About     Projects     GitHub     Now     Else

Data Wrangling with PostgreSQL

Wrangling raw data into well normalized, efficiently queryable tables in PostgreSQL can be challenging, especially for those with limited prior SQL exposure. In this tutorial, I’ve created a step by step guide to walk you through the process of munging and normalizing data about famous people from a practice data set.

PostgreSQL

Before starting, please download and import this practice database into PostgreSQL.

Eliminating Anomalies

Before we can begin organizing our raw data up into separate normalized tables, we will need to eliminate the anomalies in our data. For example, in the nationality field, “Dutch” and “Holland” both refer to the same nationality, but, if we want to search for everyone from the Netherlands, we would need to include both terms separately. Repairing these types of issues will require some wrangling as there are non-normalized duplicates in both the occupation and nationality fields.

To update a table value in PostgreSQL, use the follow command structure:

UPDATE <table name>
SET <column name> = <new value>
<condition clause(s)>

Example:

UPDATE raw_data
SET nationality = 'Netherlands'
WHERE nationality = 'Holland'
OR nationality = 'Dutch'

As an exercise, continue the normalization process on your own. To check whether you have successfully removed all anomalies, use a query with the following structure:

SELECT DISTINCT <column name> FROM <table name> ORDER BY <column name>

Example:

SELECT DISTINCT occupation FROM raw_data ORDER BY occupation

For larger lists, you might need to bring in a tool like Open Refine, but for this tutorial, you should be able to verify that each field is normalized by eye.

For the purposes of this tutorial it is not critical the you update every nationality to reflect the appropriate demonym, but simply that you make sure that every nationality and occupation in the the raw_data table is represented consistently.

Modeling Ancillary Data Tables

After all of the anomalies are removed, we can create new tables to organize our data. Before creating the new tables, it might be helpful to think in terms of classes (generalizations) and instances (specific examples) where the table structure represents a model consisting of an identifier and properties or attributes (a generalization) and each row represents an instantiation (a specific example) of that model.

As an example, let’s take a look at the first five rows of our raw_data table using the following query:

SELECT * FROM raw_data LIMIT 5

Here are our results:

person occupation nationality estimated_iq_score
Abraham Lincoln politician USA 128
Marilyn vos Savant writer USA 186
Rene Descartes philosopher France 185
Thomas Chatterton writer England 180
Sofia Kovalevskaya scientist Russia 170

The fields in our raw_data table are all attributes of a person, so it makes sense to make create a person table with normalized attributes.

Before we create a “person” table, however, the raw_data table has two columns that look like good candidates for further normalization as ancillary tables:

nationality
occupation

The reason that we want to factor these attributes out into separate tables is that, when properly normalized, we can make attribute updates in a single place as opposed to applying updates across the entirety one or more tables.

For example, imagine we wanted to update the nationality attribute labeled ‘USA’ to become ‘American’. In our non-normalized raw data, we would need to use the following statement:

UPDATE raw_data
SET nationality = 'American'
WHERE nationality = 'USA'

Which would inefficiently act on 31 records as opposed to a single row if our data were properly normalized.
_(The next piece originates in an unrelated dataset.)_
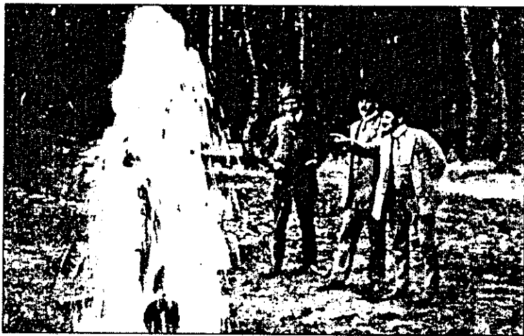
Vývěr artéské vody v Káraném v roce 1909

Co znamenala Káranská vodárna pro Prahu a předměstí v dobách války, pochopilo veškeré obyvatelstvo po přivedení vody do pražských vodojemů. V dobách epidemií, všeobecného nedostatku, kdy civilní obyvatelstvo postrádalo výživu
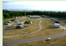
良好な水辺環境や緑地などの整備

Furthermore, in more complicated databases, there could be multiple tables that use the nationality attribute which would also need to be updated.

Each of your ancillary tables should contain fields:

Field Name Type Constraint Reference
id serial primary key
name character varying

Once these tables are created, you can use the following command structure to populate them from you raw_data table:

DROP SEQUENCE IF EXISTS <sequence name>;
CREATE SEQUENCE <sequence name> START 1;
INSERT INTO <destination table>
SELECT NEXTVAL('<sequence name>'),<column name> FROM (SELECT DISTINCT <column name> FROM <origin table>) <subquery alias>

Example:

DROP SEQUENCE IF EXISTS serial;
CREATE SEQUENCE serial START 1;
INSERT INTO nationality
SELECT NEXTVAL('serial'),nationality FROM (SELECT DISTINCT nationality FROM raw_data) t;

Modeling the Person Table

Finally, you will need to create the person table. It should contain the following fields:

Field Name Type Constraint Reference
id serial primary key
name character varying
nationality_id integer foreign key nationality
occupation_id integer foreign key occupation
estimated_iq_score integer

Once the “person” table is created you can use the following command to populate its records:

DROP SEQUENCE IF EXISTS serial;
CREATE SEQUENCE serial START 1;
INSERT INTO person
SELECT NEXTVAL('serial') id, person as name, n.id nationality_id, o.id occupation_id, estimated_iq_score 
FROM raw_data r
INNER JOIN occupation o ON o.name = r.occupation
INNER JOIN nationality n ON n.name = r.nationality

Query the “person” table. You should have 115 normalized records.

Conclusion

Congratulations! This completes the tutorial. In the next tutorial, we will use this database for exercises to practice concepts in querying.